Optimum Track to Track Fusion Using CMA-ES and LSTM Techniques
Document Type
Conference Proceeding
Publication Title
IEEE Aerospace Conference Proceedings
Abstract
This paper presents two different methods for track-to-track fusion of drone tracks. The sensors are unbiased radars with fixed locations. The first method uses an offline technique based on a global optimizer called the CMA-ES algorithm and the second one uses LSTM in its different forms to learn the online adjustment of the fusion weights between the two tracks. An objective function utilizing the covariance of the fused tracks is used by the first algorithm while a cost function based on the Kullback-Leibler (KL) divergence measure is used in the second case for training the LSTM. The two methods are compared with other baseline methods using performance metrics such as SIAP and OSPA. Simulations are done for a single object (drone) and repeated for multiple objects in the presence of two radars to demonstrate the validity of the two proposed techniques.

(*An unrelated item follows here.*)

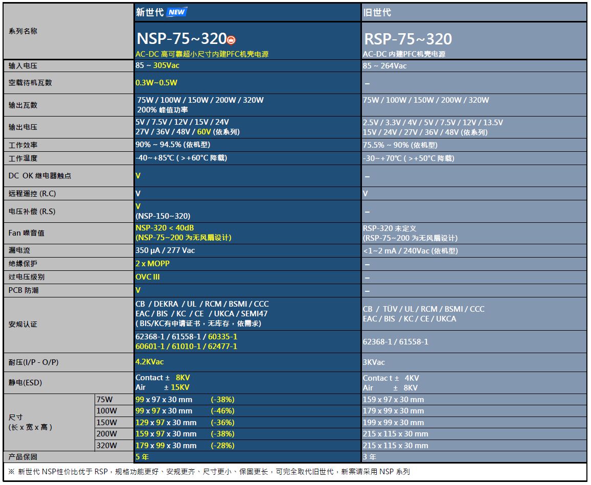 全新 NSP 系列以更高性價(jià)比全面超越 RSP 系列,體積大幅縮小,工作溫度范圍擴(kuò)大至 -40~+85℃,在 +60℃ 仍可滿載運(yùn)行,適用更嚴(yán)苛環(huán)境;同時(shí)通過(guò)資通訊、工業(yè)、醫(yī)療、家電與新能源等多領(lǐng)域安規(guī)認(rèn)證,耐用可靠。NSP 系列可取代舊世代,搭配實(shí)惠價(jià)格,保固年限延長(zhǎng),強(qiáng)化系統(tǒng)降本增效,是為新案設(shè)計(jì)首選。

The JPDA (Joint Probability Data Association) with fixed gating and moderate clutter is used in the case of multiple objects. Stone Soup was chosen as the radar simulation environment.
DOI
10.1109/AERO58975.2024.10521258
Publication Date
1-1-2024
Recommended Citation
S. Fares et al., "Optimum Track to Track Fusion Using CMA-ES and LSTM Techniques," IEEE Aerospace Conference Proceedings, Jan 2024.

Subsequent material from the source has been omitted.